Das Auge isst mit, aber Bildverarbeitung sieht mehr
Mit spezifischen Beleuchtungstechnologien, geschickt angeordneten Hochleistungskameras und einem Echtzeitbildverarbeitungssystem erkennt der Squeezer II QS auch schiefsitzende, defekte und sortenfremde Verschlüsse sicher (Bild: Heuft)
Die Nahrungsmittel- und Getränkebranche setzt industrielle Bildverarbeitung im gesamten Herstellungs- und Verpackungsprozess ein.
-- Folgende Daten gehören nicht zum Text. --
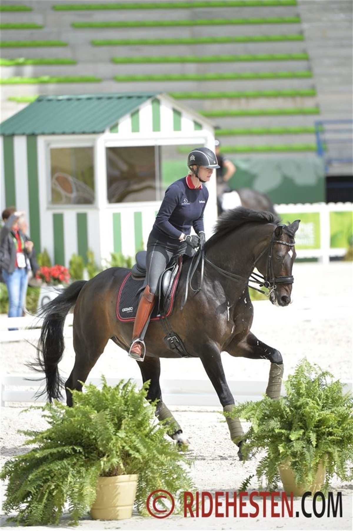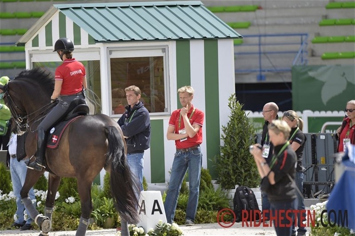 Også Anna Kasprzak var meget tilfreds med dagens træning, modsat Nathalie, så arbejde hun lidt mere intens med Donnperignon inde på banen, for han har et stort energioverskud han skal have bearbejdet: - Jeg syntes han er der, hvor han skal være. Han er rimelig frisk, for den første dag bukkede han så stort, at jeg tabte den ene bøjle og hang ude på siden, og jeg troede faktisk jeg ville ryge af ham, fortæller Anna med et smil. Hun fortæller, at det er rytternes indtryk, at hestene kan lide at være på stævnepladsen, men nu er alle, både ryttere og heste ved at være lidt utålmodige efter at komme igang med konkurrencerne.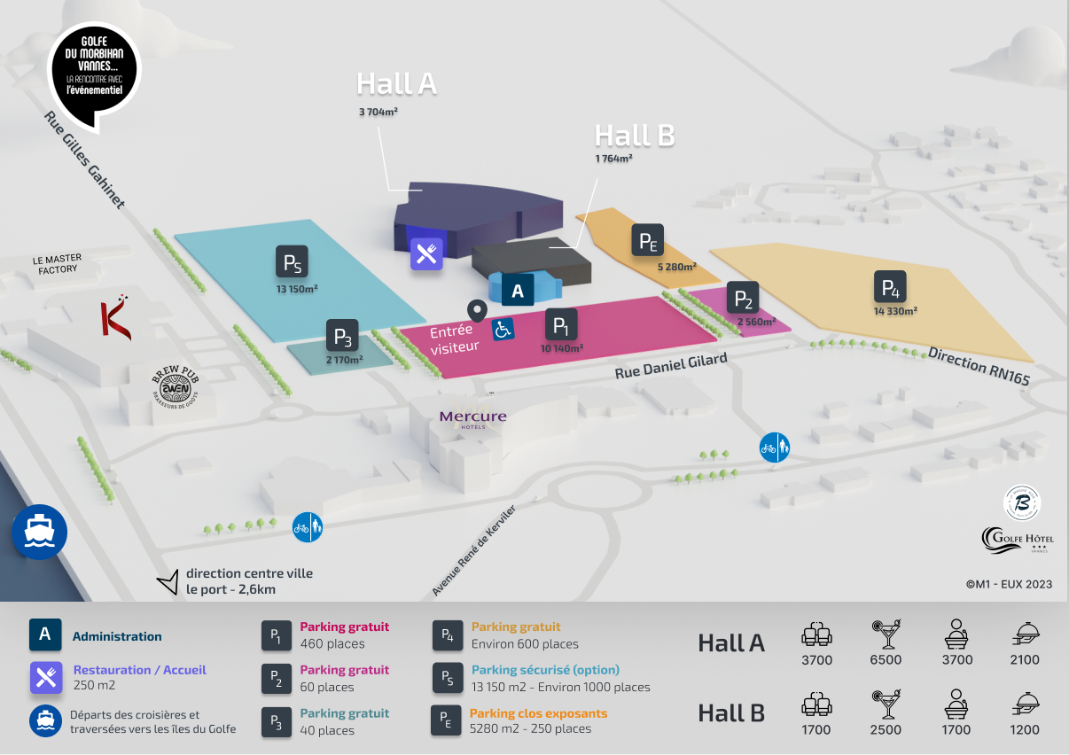 - Le Parc des Expositions CHORUS-Vannes avec plus de 5500m² d'espace d'exposition réparties sur 2 halls et pouvant accueillir jusqu'à 3 700 personnes assises et 8280m2 d'espace extérieur.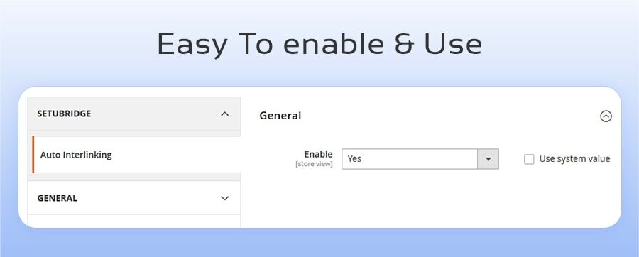 1. To use this module, go to STORE> Configuration > SETUBRIDGE > Auto Interlinking Products Tab:

Doch die Anforderungen an die Technologie steigen, denn die anwendenden Unternehmen erwarten sich von ihr effizientere und vor allem sichere Prozesse.

Nach Worten von Jörg Schmitz, Key Account Manager Lebensmitteltechnik bei Stemmer Imaging steigen in der Lebensmittelindustrie der Automatisierungsgrad und die Effizienz der Produktionsabläufe – und zwar seit Jahren. „Was im Automotivesegment bereits seit Langem praktiziert wird, hält nun auch im Bereich der Lebensmittelproduktion Einzug. Denn mehr als in anderen Branchen müssen die Produkte aus Gründen des Verbraucherschutzes sicher, rückverfolgbar und eine zuverlässig hohe Qualität aufweisen. Vor diesem Hintergrund hat sich die Bildverarbeitung als technisch leistungsfähige und wirtschaftliche Methode der automatisierten optischen Prüfung bewährt.“

Zweitgrößter Kunde
Diese Tendenz beobachtet auch die VDMA-Fachabteilung Industrielle Bildverarbeitung: Mit 8 % des Gesamtumsatzes in Deutschland, der 2,1 Mrd. Euro beträgt, war die Nahrungsmittel- und Getränkebranche 2015 erneut der zweitgrößte Abnehmer hinter der Automobilindustrie und noch vor den Branchen Elektro, Elektronik und Halbleiter. „Das Anwendungsspektrum der Bildverarbeitung in der Lebensmittel- und Getränkeindustrie ist groß“, betont Dr. Horst Heinol-Heikkinen, Geschäfsführer von Asentics und Vorstandsmitglied in der VDMA-Fachabteilung. „Es reicht vom Verarbeiten über Sortieren bis hin zum Verpacken und Abfüllen.“
Helfen bei Rückrufaktionen
„Die jüngsten großen Rückrufaktionen belegen einmal mehr wie wichtig Qualität im Produktions- und Verpackungsprozess ist und wie entscheidend es ist, ein effektives System für die Produktnachverfolgung etabliert zu haben“, sagt Olivier Feraille, Senior Sales Manager Strategic Vertical Markets Europe bei Cognex. „Denn Rückrufaktionen bedrohen nicht nur die Profitabilität eines Unternehmens, sondern können es auch langfristig schädigen, weil das Vertrauen der Verbraucher verloren geht.“
Kein Wunder, dass auch Maschinen- und Anlagenbauer im Bereich Food & Beverage Kameras und Bildverarbeitungssensoren in ihre Produkte integrieren. Ein Beispiel aus der Lebensmittelverarbeitung: Kronen mit Sitz in Kehl am Rhein hat eine Roboterstation für die automatisierte Verarbeitung von Tomaten im Programm. Dabei werden die Tomaten über einen Rollenverlesetisch separiert und zur Roboterstation gefördert, dort durch die Bilderkennung evaluiert und ausgewählt. Die Bildverarbeitung berechnet die Koordinaten für den Greifer, der am Roboter montiert ist. Der Roboter greift nun die Tomate und legt sie zur Weiterverarbeitung auf die Schneidemaschine. Die Tomate wird dann in perfekte, gleichmäßige Scheiben geschnitten.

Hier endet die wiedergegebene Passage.